_EXERCISE REQUIREMENTS:_
Beginning with the line that contains "timer fra os." and ending with the line that contains "Korszerű hőszigetelés az", reproduce the lines of the entries below exactly, omitting pictures.

_STUDY MATERIAL:_
--------

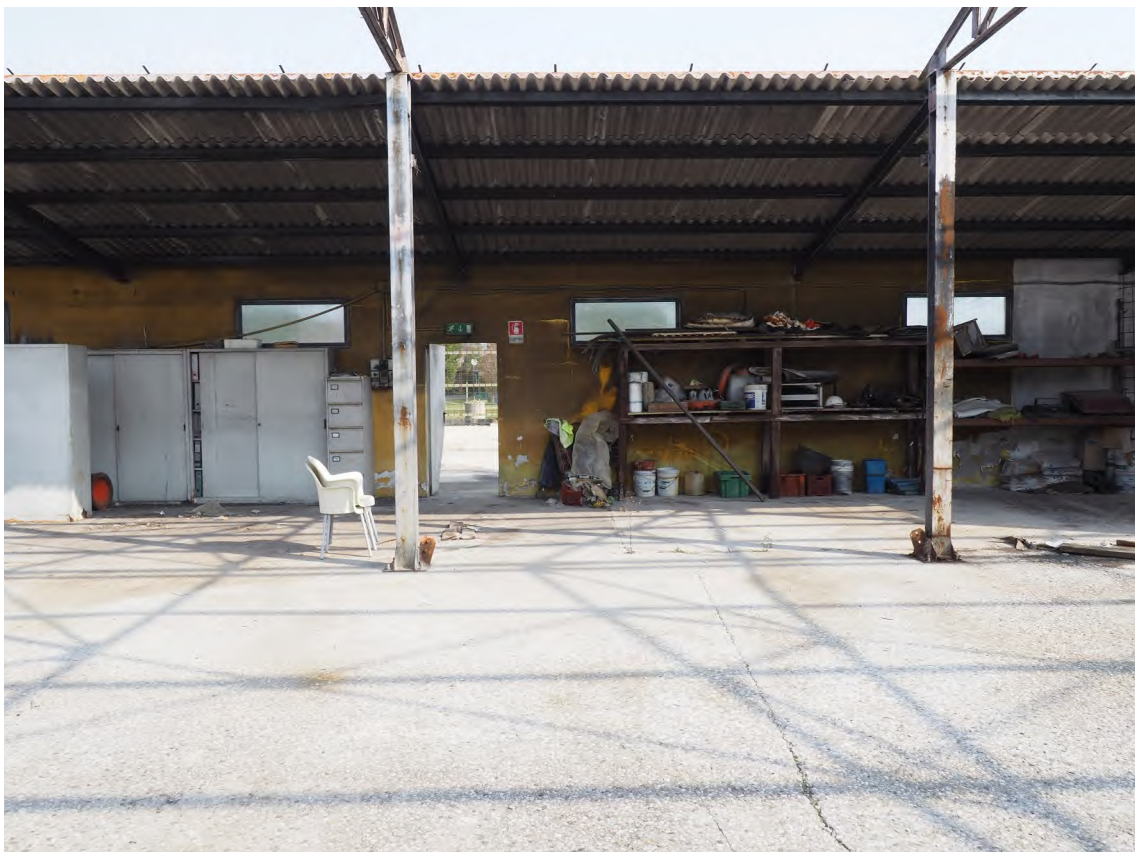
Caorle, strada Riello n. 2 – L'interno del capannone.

--------

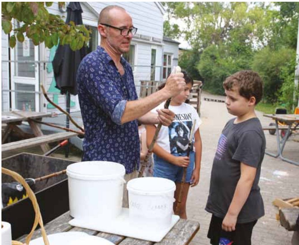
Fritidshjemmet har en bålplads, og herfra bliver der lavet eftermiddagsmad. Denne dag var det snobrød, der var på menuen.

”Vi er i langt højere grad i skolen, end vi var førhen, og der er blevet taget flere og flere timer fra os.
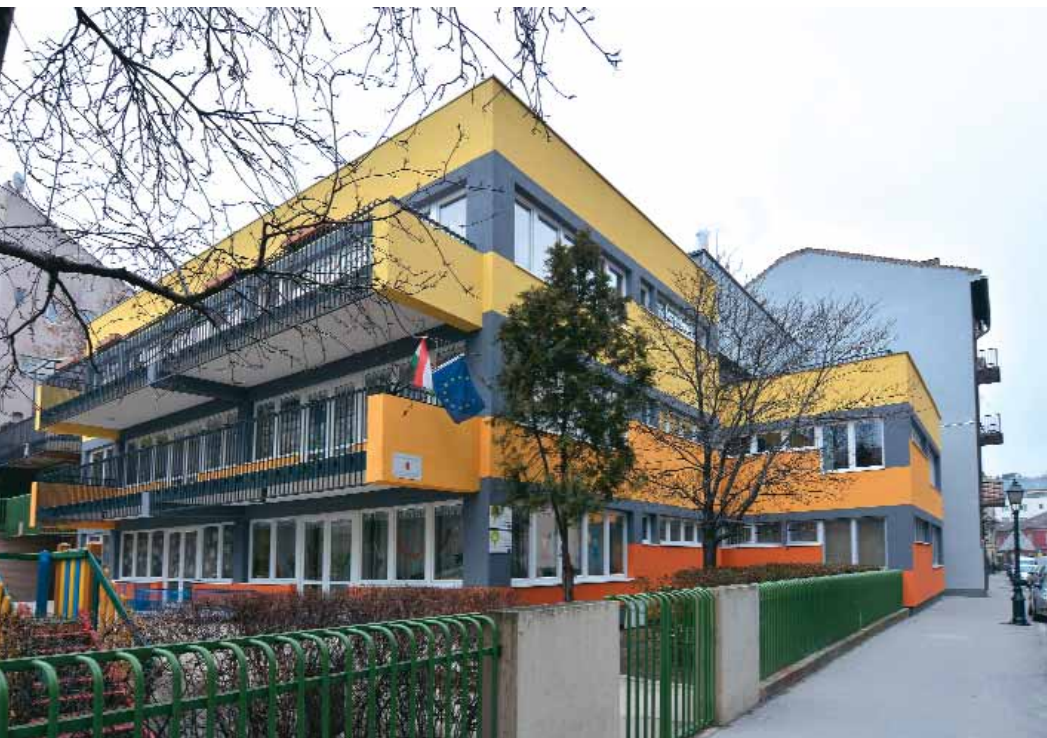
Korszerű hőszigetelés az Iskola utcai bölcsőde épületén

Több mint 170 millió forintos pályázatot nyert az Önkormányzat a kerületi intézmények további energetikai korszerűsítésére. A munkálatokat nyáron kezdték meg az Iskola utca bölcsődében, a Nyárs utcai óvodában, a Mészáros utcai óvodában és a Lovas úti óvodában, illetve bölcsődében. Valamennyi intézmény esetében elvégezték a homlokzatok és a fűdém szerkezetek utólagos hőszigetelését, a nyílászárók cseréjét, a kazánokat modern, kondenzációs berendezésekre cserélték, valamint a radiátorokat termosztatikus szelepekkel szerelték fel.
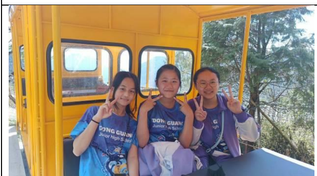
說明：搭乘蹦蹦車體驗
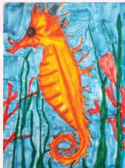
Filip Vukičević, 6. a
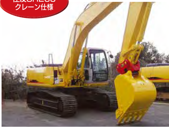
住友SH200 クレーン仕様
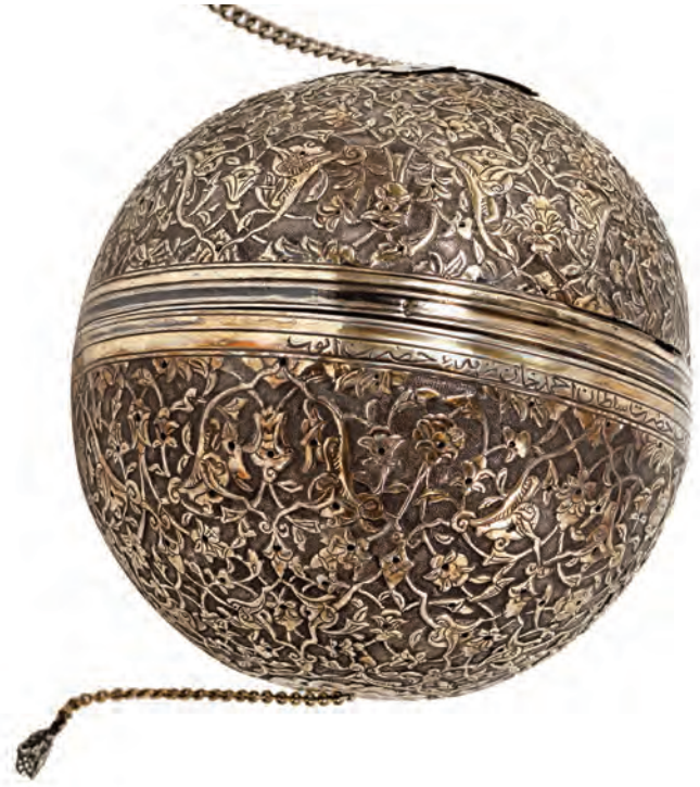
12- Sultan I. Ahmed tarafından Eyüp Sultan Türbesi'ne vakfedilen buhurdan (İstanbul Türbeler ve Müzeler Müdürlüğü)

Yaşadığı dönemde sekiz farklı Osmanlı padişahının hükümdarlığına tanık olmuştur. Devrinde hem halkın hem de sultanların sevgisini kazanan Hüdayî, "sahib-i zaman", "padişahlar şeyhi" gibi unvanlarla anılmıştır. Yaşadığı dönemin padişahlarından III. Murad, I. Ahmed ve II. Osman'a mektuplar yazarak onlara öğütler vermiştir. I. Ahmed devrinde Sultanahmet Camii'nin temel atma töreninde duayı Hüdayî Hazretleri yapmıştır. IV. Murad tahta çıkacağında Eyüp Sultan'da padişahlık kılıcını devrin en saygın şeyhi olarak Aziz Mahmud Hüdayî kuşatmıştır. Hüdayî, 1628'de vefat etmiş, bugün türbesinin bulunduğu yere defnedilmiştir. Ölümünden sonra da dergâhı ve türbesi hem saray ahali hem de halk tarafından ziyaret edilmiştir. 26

--------

_RESPONSE AREA:_
”Vi er i langt højere grad i skolen, end vi var førhen, og der er blevet taget flere og flere timer fra os.
Korszerű hőszigetelés az Iskola utcai bölcsőde épületén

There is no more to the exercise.